The value of the limit of a particular CBSBlock is not guaranteed to remain constant across calls to CBSDelete() and CBSInsert(), regardless of whether a callback is invoked.

Size CBSBlockSize(CBSBlock block)

.function.cbs.block.size: The CBSBlockSize() function returns the size of the range represented by the CBSBlock. This function may not be called from the delete callback when the block is being deleted entirely.

Note

The value of the size of a particular CBSBlock is not guaranteed to remain constant across calls to CBSDelete() and CBSInsert(), regardless of whether a callback is invoked.

Res CBSBlockDescribe(CBSBlock block, mps_lib_FILE *stream)

.function.cbs.block.describe: The CBSBlockDescribe() function prints a textual representation of the CBSBlock to the given stream. It is provided for debugging purposes only.

Bool CBSFindFirst(Addr *baseReturn, Addr *limitReturn, CBS cbs, Size size, CBSFindDelete findDelete)

.function.cbs.find.first: The CBSFindFirst() function locates the first block (in address order) within the CBS of at least the specified size, and returns its range. If there are no such blocks, it returns FALSE. It optionally deletes the top, bottom, or all of the found range, depending on the findDelete argument (this saves a separate call to CBSDelete(), and uses the knowledge of exactly where we found the range), which must come from this enumeration:

enum {
    CBSFindDeleteNONE,    /* don't delete after finding */
    CBSFindDeleteLOW,     /* delete precise size from low end */
    CBSFindDeleteHIGH,    /* delete precise size from high end */
    CBSFindDeleteENTIRE   /* delete entire range */
};
Bool CBSFindLast(Addr *baseReturn, Addr *limitReturn, CBS cbs, Size size, CBSFindDelete findDelete)

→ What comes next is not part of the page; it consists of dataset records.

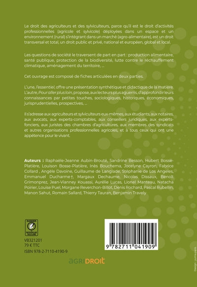 Ce livre présente l'ensemble des règles applicables aux entreprises agricoles et forestières, à l'espace rural, à l'environnement, et aux marchés agricoles et sylvicoles. Il s'adresse aux professionnels du secteur ainsi qu'aux étudiants en droit rural, en proposant une approche transversale et complète de la matière. L'ouvrage est structuré en fiches synthétiques et en approfondissements, abordant des aspects sociologiques, historiques, économiques, jurisprudentiels, etc. Afficher moinsAfficher plus
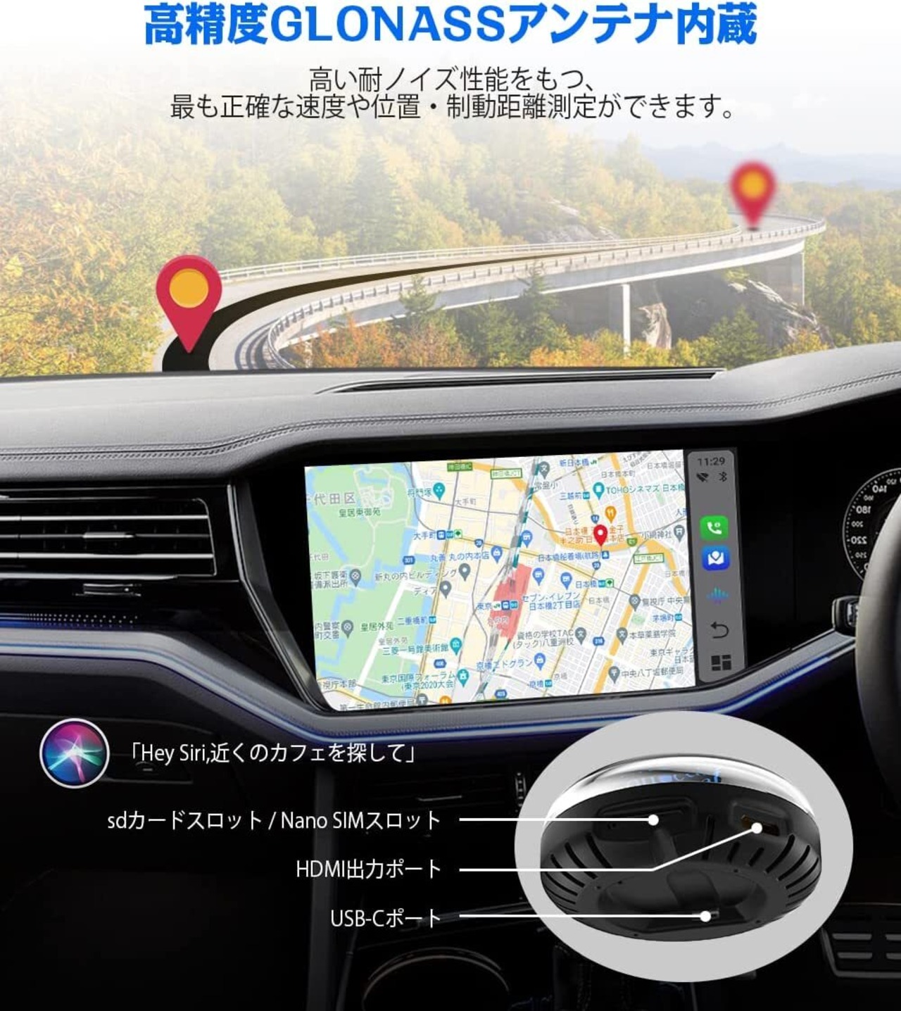 SIMカードスロットも搭載していて、3G/4Gの通信規格に対応しています。車両のCarPlay対応usb口に接続して、スマホのテザリング又はnanoSIMカードを挿入すればすぐにナビ画面が、タブレットに早変わりです。別の車に持っていってもそこでも使えます。
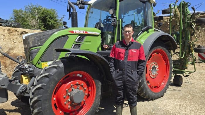 Jeune agriculteur installé en cuma, Simon Le Rolland témoigne. « Je me suis installé le 1er janvier 2024, à 24 ans, en reprenant la ferme familiale après mon père. Aujourd’hui, je cultive 30 ha de maïs et 45 ha d’herbe, dont beaucoup de prairies difficiles à exploiter. J’ai commencé à robotiser des travaux comme le raclage, en prévision du départ de ma mère dans un an ».
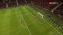 2. Minute: Ein erster Aufreger nach nur zwei Minuten, doch Carlos Bacca säbelt den Ball im Stile eines 5. Liga-Raubeins in den Warschauer Nachthimmel.
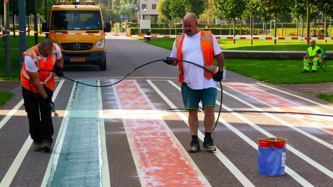 Op dit moment bestaat het zebrapad uit vijf kleuren, de zesde blauwe baan is nog leeg. De gemeente laat weten dat die binnenkort geverfd wordt.
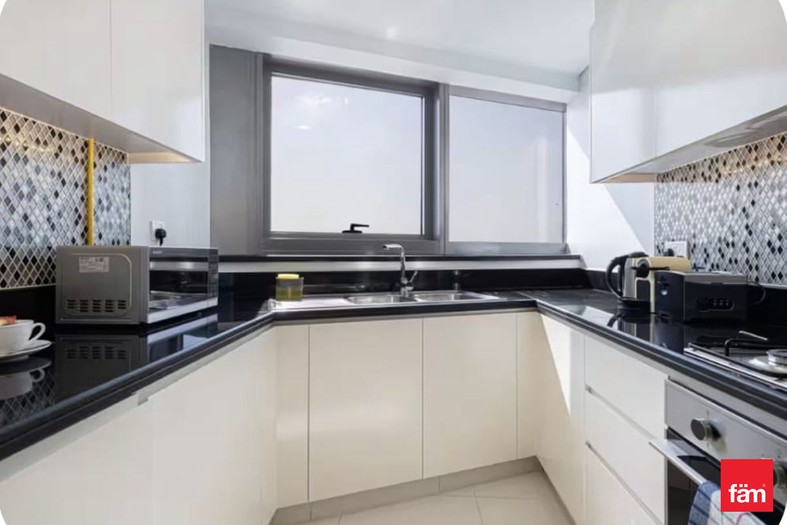 Designed with a modern touch, the apartment features a spacious layout complemented by floor-to-ceiling windows that bring in natural light and offer impressive views of the surrounding skyline. The open-plan living and dining area is tastefully furnished, while the kitchen comes fully equipped for everyday convenience.
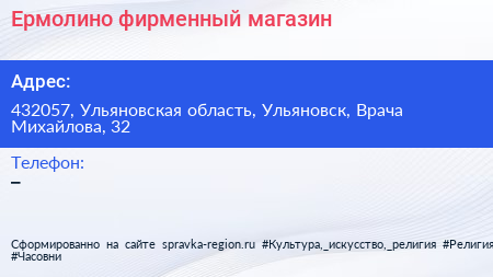 Ермолино, фирменный магазин по адресу 432057, Ульяновская область, Ульяновск, Врача Михайлова, 32 в дальнейшем Организация, размещена в следующих категориях:
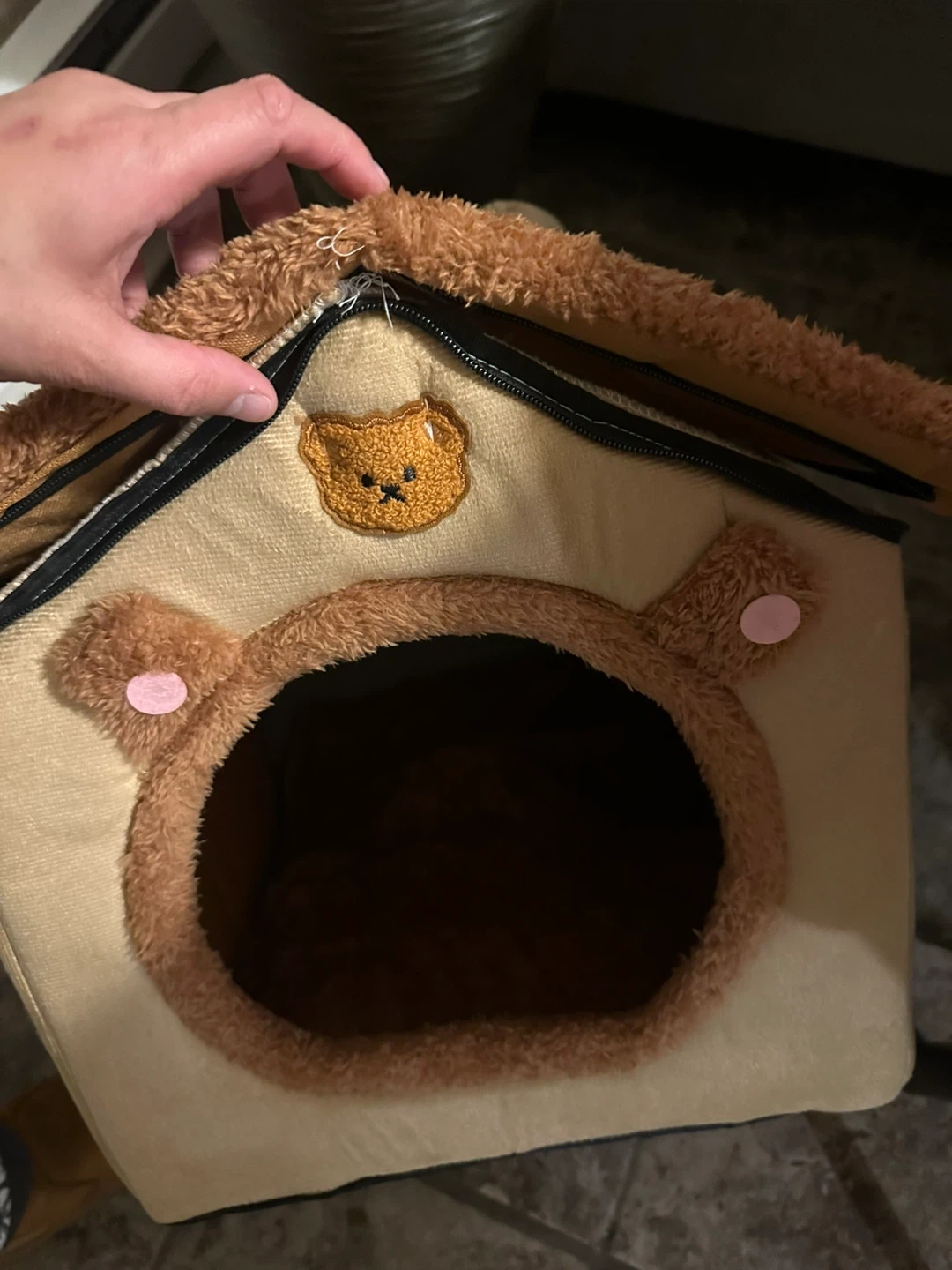 This adorable pet bed cave is perfect for cats or small dogs who love a cozy hideaway! It features a cute bear design with soft, plush material inside. The bed is in great condition and ready for a new furry friend to enjoy. It's lightweight and portable, making it easy to move around the house
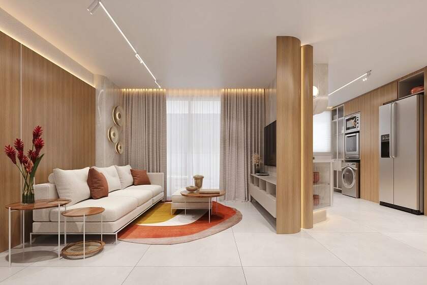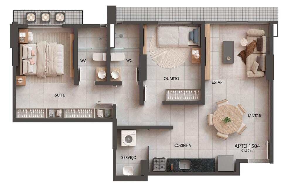 Com opções de plantas diferentes, sendo; Apartamentos com 64,59m² possuindo dois quartos sendo uma suíte, banheiro social, sala de estar/jantar, cozinha com área de serviço integrada e varanda.
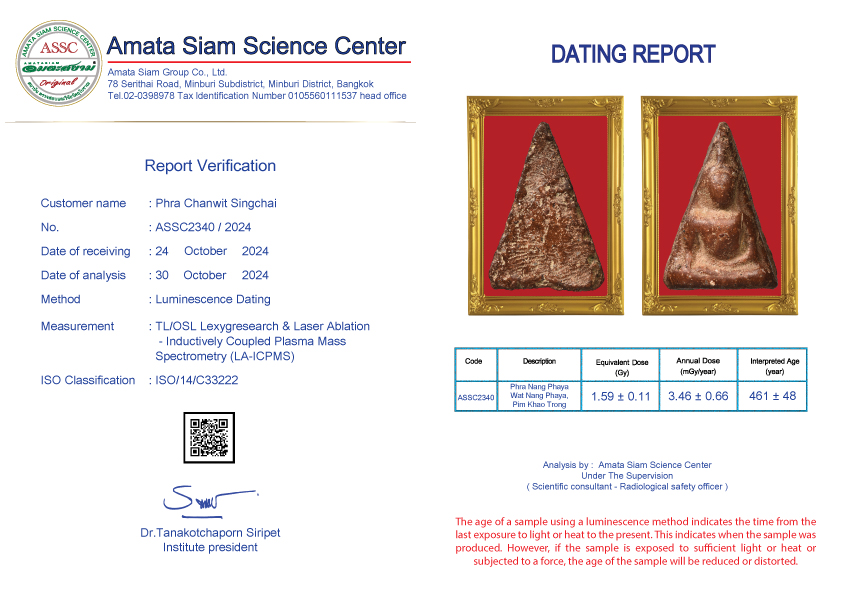 In conclusion, however, scientific procedure still can’t tell the pureness of amulets but can tell how long they have been constructed. However Amata Siam is an expert of natural science and combining scientific procedure will soon tell the exact age of the antiques.
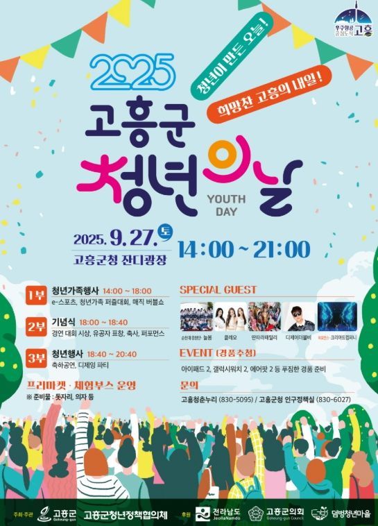 한방통신사 신다은기자 기자 | 고흥군은 오는 9월 27일 고흥군청 잔디광장에서 ‘2025년 고흥군 청년의 날’ 행사를 개최한다고 밝혔다.
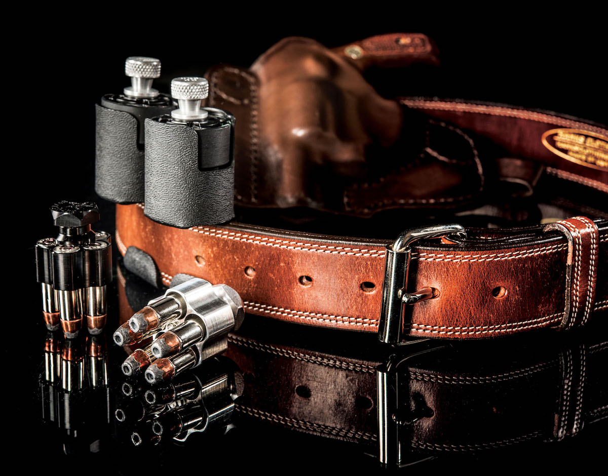 Usually, the speedloader requires a twist or push of a knob to release the rounds, and they’re best carried on some kind of purpose-built belt pouch. You can also carry a loaded speedloader in your pocket but it’ll print, looking like you’re carrying a golf ball. Though it ought to go without saying, make sure to function-test your speedloaders before carrying them; some cylinders may not provide enough clearance from the frame of the gun or the cylinder release to allow a speedloader to function effectively.
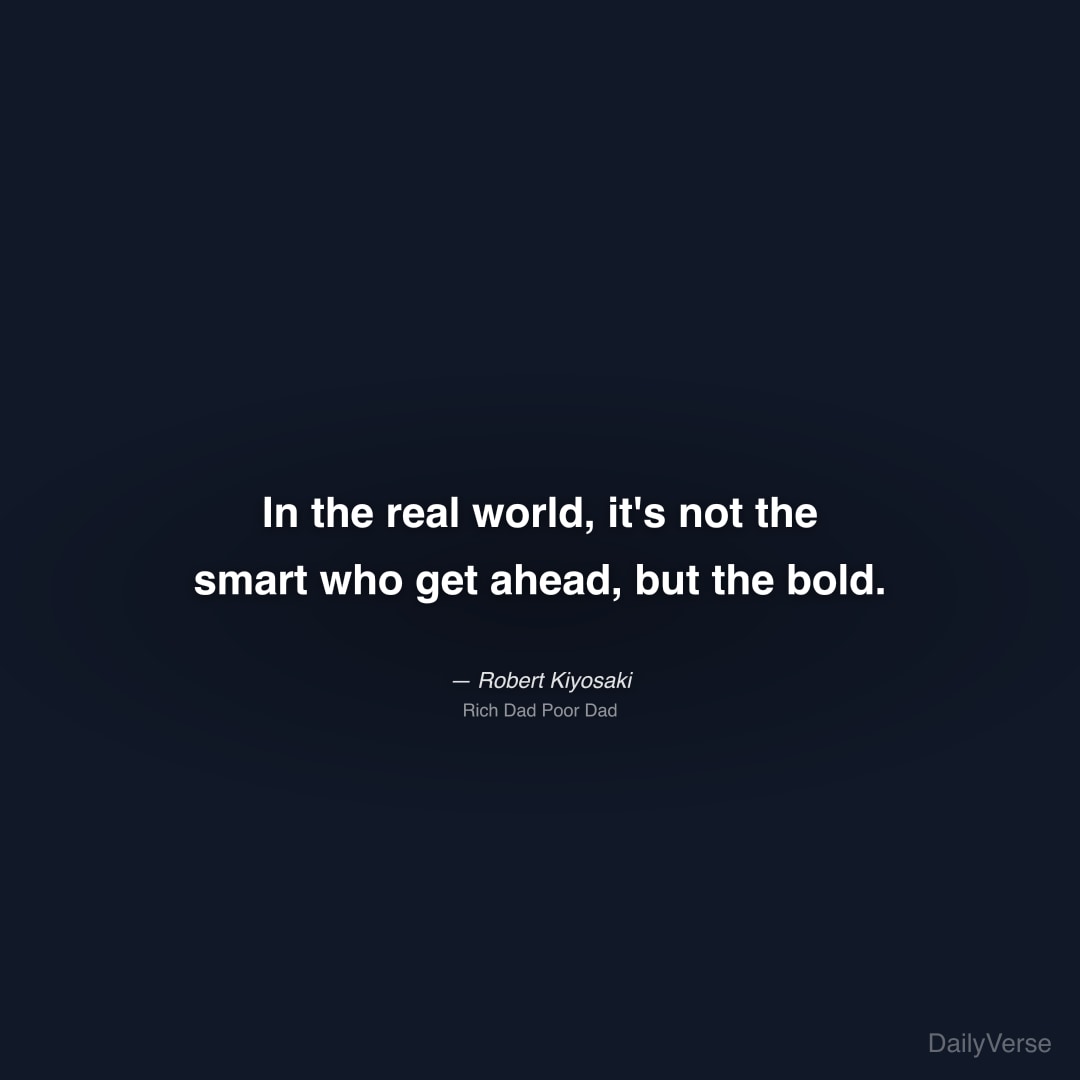 "In the real world, it's not the smart who get ahead, but the bold." — Robert Kiyosaki
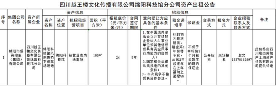 四川越王樓文化傳播有限公司綿陽(yáng)科技館分公司資產(chǎn)出租
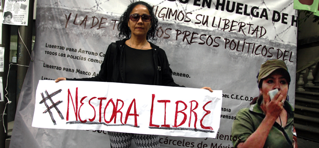 Familiares y activistas anuncian acciones por libertad de defensora/CIMACFoto: César Martínez López Por Anayeli García Martínez Cimacnoticias CIUDAD DE MEXICO, D.F. 1 de junio del 2015.- La familia de Nestora Salgado García y organizaciones internacionales aseguraron que ahora que la activista fue reubicada en el penal femenil de Tepepan, en esta ciudad, no bajarán la guardia para exigir la liberación inmediata de la ex comandanta de la Policía Comunitaria (PC) de Olinalá, Guerrero, y quien aún sigue en huelga de hambre en protesta por su reclusión acusada de “secuestro”, y por las anomalías en el juicio en su contra. En conferencia de prensa en el Centro de Derechos Humanos Miguel Agustín Pro Juárez, en esta capital, defensores de Derechos Humanos de Estados Unidos, junto con Cleotilde Salgado y Grisel Rodríguez, hermana e hija de la activista, respectivamente, dijeron que la demanda principal es la exoneración y libertad de Nestora Salgado, y adelantaron que analizan pedir la intervención del Departamento de Estado de EU. Después de un acuerdo entre la Secretaría de Gobernación (Segob) y el gobierno de Guerrero, el pasado viernes 29 de mayo Nestora Salgado fue trasladada del penal máxima seguridad en Tepic, Nayarit, al reclusorio de Tepepan, al sur de esta capital, donde permanece en la torre médica en observación, luego de que hoy cumplió 28 días de ayuno y en consecuencia los daños a su salud se han agravado. Cleotilde y Grisel informaron además que la mujer decidió continuar su huelga de hambre, porque a pesar de su deterioro físico, los dolores en el estómago, las manchas en la cara y los problemas en el hígado, la ex comandanta considera que es la única manera de que las autoridades la escuchen. Este sábado 30 de mayo, Nestora pudo reunirse con sus familiares, a quienes comentó que continuaría con el ayuno y que por ahora sólo estaba dispuesta a ingerir agua y a tomar los medicamentos para el dolor estomacal. Hasta ahora su estado de salud se reporta como delicado. Su hija Grisel –quien reside en EU y llegó a esta ciudad con la esperanza de reencontrarse con su madre, a quien no veía desde abril de 2013– recriminó: “Ambos gobiernos (de México y Washington) han traicionado a mi mamá; mi mamá es ciudadana norteamericana y hasta la fecha lo que ha hecho el gobierno estadounidense es poco”. “No nada más el gobierno mexicano la ha traicionado y la ha encerrado, el gobierno estadounidense la ha dejado ahí”, por lo que aseguró que activistas de México y el país vecino harán movilizaciones en la embajada de EU en próximos días a fin de exigir que intervenga en la liberación de Nestora. Cleotilde, quien vive en Guerrero y viaja constantemente al DF para exigir la libertad de su hermana, dijo que si bien la reubicación de penal permitirá más cercanía con la familia, aún seguirán luchando para que ella salga de prisión. “Pido a Enrique Peña Nieto, a su gobierno federal, y al gobierno del estado, les pido que sea puesta en libertad mi hermana, ya que de antemano todos sabemos que es inocente”, dijo al recordar que Nestora aún es procesada por tres acusaciones de privación ilegal de la libertad en su modalidad de secuestro. “Me dicen que tiene el hígado inflamado, se le está manchando su cara. La verdad no es justo compañeros que mi hermana esté pasando algo tan difícil por gente que nada más quiso fabricarle delitos, yo creo que no se vale; yo le pido al mundo entero que ponga sus ojos y que vea estas injusticias”, demandó. La familia de Nestora es acompañada por un comité de activistas de diversos países, principalmente de EU, que se unieron a la exigencia de libertad. Al respecto, Stephen Durham, coordinador de la campaña a favor de la ex comandanta en Nueva York, pidió a Peña Nieto que libere a Nestora y a los otros policías comunitarios presos. En agosto de 2014, los congresistas demócratas estadounidenses Adam Smith, Patty Murray y Maria Cantwell enviaron una carta al secretario de Estado de EU, John Kerry, y al embajador de aquel país en México, Anthony Wayne, para pedir acciones a fin de que el Departamento de Estado logre la liberación de la también ciudadana norteamericana. Asimismo, familiares de otros policías comunitarios presos reiteraron su solidaridad con Nestora, entre ellos Agustina García, esposa del policía Arturo Campo; Teresa Molina, hermana de Gonzalo Molina, también en huelga de hambre; y María de Jesús Pérez Hernández, esposa del activista Marco Antonio Suástegui. Las mujeres aseguraron que los policías comunitarios no son delincuentes, sino luchadores sociales, por lo que recriminaron que el gobierno se ensañe con las personas que buscaron paz y seguridad para su pueblo. Demandaron la solidaridad de la sociedad, ya que aseguraron que de lo contrario las autoridades dejarán que sus presos se mueran en la cárcel. Más de 180 organizaciones sindicales, defensoras de Derechos Humanos y de las personas migrantes se han sumado a la campaña a favor de Nestora, y adelantaron que en breve realizarán diversas actividades. En tanto, se anunció una marcha para este jueves 4 de junio desde el Periférico Sur hacia el penal de Tepepan.

.function.cbs.find.last: The CBSFindLast() function locates the last block (in address order) within the CBS of at least the specified size, and returns its range. If there are no such blocks, it returns FALSE. Like CBSFindFirst(), it optionally deletes the range.

Bool CBSFindLargest(Addr *baseReturn, Addr *limitReturn, CBS cbs, CBSFindDelete findDelete)

.function.cbs.find.largest: The CBSFindLargest() function locates the largest block within the CBS, and returns its range. If there are no blocks, it returns FALSE. Like CBSFindFirst(), it optionally deletes the range (specifying CBSFindDeleteLOW or CBSFindDeleteHIGH has the same effect as CBSFindDeleteENTIRE).

3.6. Alignment

.align: When mayUseInline is specified to permit inline data structures and hence avoid losing memory in low memory situations, the alignments that the CBS supports are constrained by three requirements:

  • The smallest possible range (namely one that is the alignment in size) must be large enough to contain a single void * pointer (see .impl.low-mem.inline.grain);

  • Any larger range (namely one that is at least twice the alignment in size) must be large enough to contain two void * pointers (see .impl.low-mem.inline.block);

  • It must be valid on all platforms to access a void * pointer stored at the start of an aligned range.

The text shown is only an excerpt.